Catchwords like "Ubiquitous Computing", "Pervasive Computing", or "Ambient Intelligence" paraphrase the vision of a world, in which we are surrounded by smart, intuitively operated devices that help us to organise, structure, and master our everyday life. They share the notion of a smart, personal environment, which characterises a new paradigm for the interaction between a person and his everyday surroundings: Smart environments enable these surroundings to become aware of the human that interacts with it, his goals and needs. So it is possible to assist the human proactively in performing his activities and reaching his goals.
Hitherto, it is the user's responsibility to manage his personal environment, to operate and control the various appliances and devices available for his support.

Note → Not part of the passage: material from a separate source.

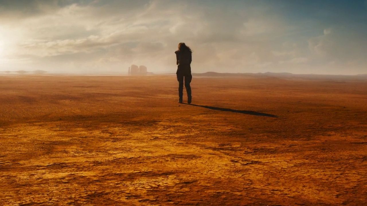 Furiosa apparaît de dos, dans le désert, visiblement perdue et blessée...
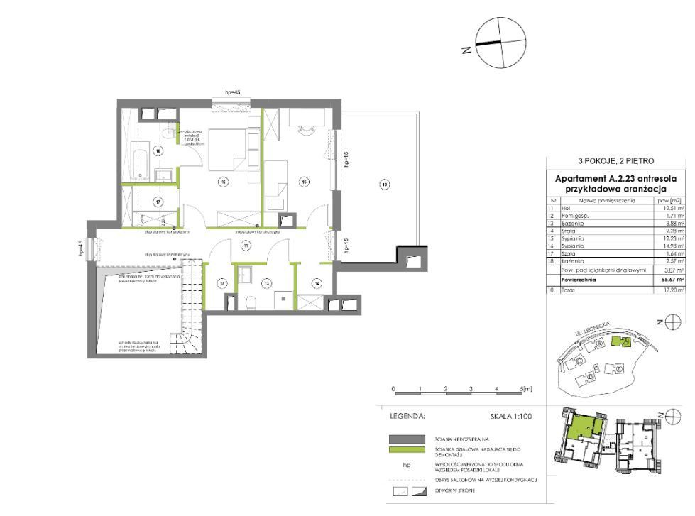 • Inwestycja ta, to osiedle pięciu budynków mieszczących w sumie 120 apartamentów o zróżnicowanej powierzchni – od 28 m2 do 160 m2. Wysokie sufity, duże okna i przemyślany układ sprawiają, że cechuje je optymalna ekspozycja na światło słoneczne. Wszystkie mieszkania dysponują balkonami, przestronnymi tarasami bądź – jak w przypadku lokali parterowych – prywatnymi ogródkami. Niektóre z apartamentów na najwyższej kondygnacji posiadają antresole.

But, the more technology is available and the more options there are, the greater is the challenge to master your everyday environment, the challenge not to get lost in an abundance of possibilities. Failing to address this challenge adequately results in technology becoming inoperable, effectively useless. The goal of smart environments is to take over this mechanic and monotonous control task from the user and manage appliance activities on his behalf. By this, the environment's full assistive potential can be mobilised for the user, tailored to his individual goals and needs.
MuSAMA is based on the hypothesis that ubiquitous machine intelligence, envisioned for our future everyday environments, will be provided by dynamic ensembles: local agglomerations of smart appliances, whose composition is prone to frequent, unforeseeable, and substantial changes. Members of such ensembles need to be able to cooperate spontaneously and without human guidance in order to achieve their joint goal of assisting the user. Achieving this capability of autonomous cooperative assistance poses new challenges for the research on ubiquitous and ambient information technology.
Work in MuSAMA, therefore, concentrates on the investigation of models and algorithms that allow dynamic, ad-hoc ensembles to deliver the assistive power of Smart Environments independently of external or global knowledge. Globally coherent ensemble behaviour with respect to a user's need emerges from local interaction of individual appliances. The scenario of a "pervasive university" provides the required confrontation with reality for empirical analysis and evaluation.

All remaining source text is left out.